Until, that is, e-mails from the climate study center at East Anglia University surfaced.

Instead of ending the controversy, Penn State's 10-page report clearing Mann opened up a storm of controversy.

Perhaps the most damning charge is that the three-person panel, which claimed it had spent hundreds of hours investigating the allegations, interviewed only two people in its inquiry, neither of whom had any direct knowledge of the e-mails or Mann's work. Moreover, the panel didn't ask Mann for any documents to support his work or to confirm the charges, according to Steve McIntyre, a climate scientist who has questioned many of Mann's findings. "They only looked at what was public," he wrote on his blog Climate Audit.

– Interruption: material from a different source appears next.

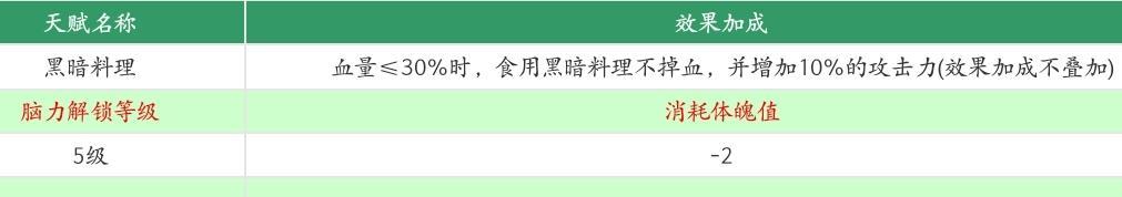 效果加成:在食用黑暗料理之后会增加10%的攻击力,在打架之前吃上一个伤害有所提升;

In effect, he said, the inquiry board failed to inquire.

On the campus at Penn State, the panel's findings continue to cause controversy. Young Americans for Freedom has launched a petition drive to reopen the investigation, this time by an independent body. The conservative student group said that the panel's findings "read more like a letter of recommendation" than an investigative report. The group also pointed out that Penn didn't look at the Wegman report, a congressional sponsored panel that looked into Mann's work in 2006 and criticized much of his research.

Documents sent to Fox by insiders at the National Science Foundation's Inspectors Office indicate that the office is also concerned about the Penn State inquiry and is looking to review the investigation. While reviews are rare, they do occasionally happen. No one in the office would speak on the record, but we were referred to a recent report to Congress that spells out the agency's power to intervene:

Although A-133 does not require NSF to take action on systemic findings when another agency is the cognizant or oversight agency for audit, we believed it prudent to bring these issues to the attention of NSF official.

In other words, once the Penn State inquiry is over, the inspector general will likely step in. And if it does, it will be the first time that climate studies here will be scrutinized by an independent government organization with the skill and tools to investigate effectively.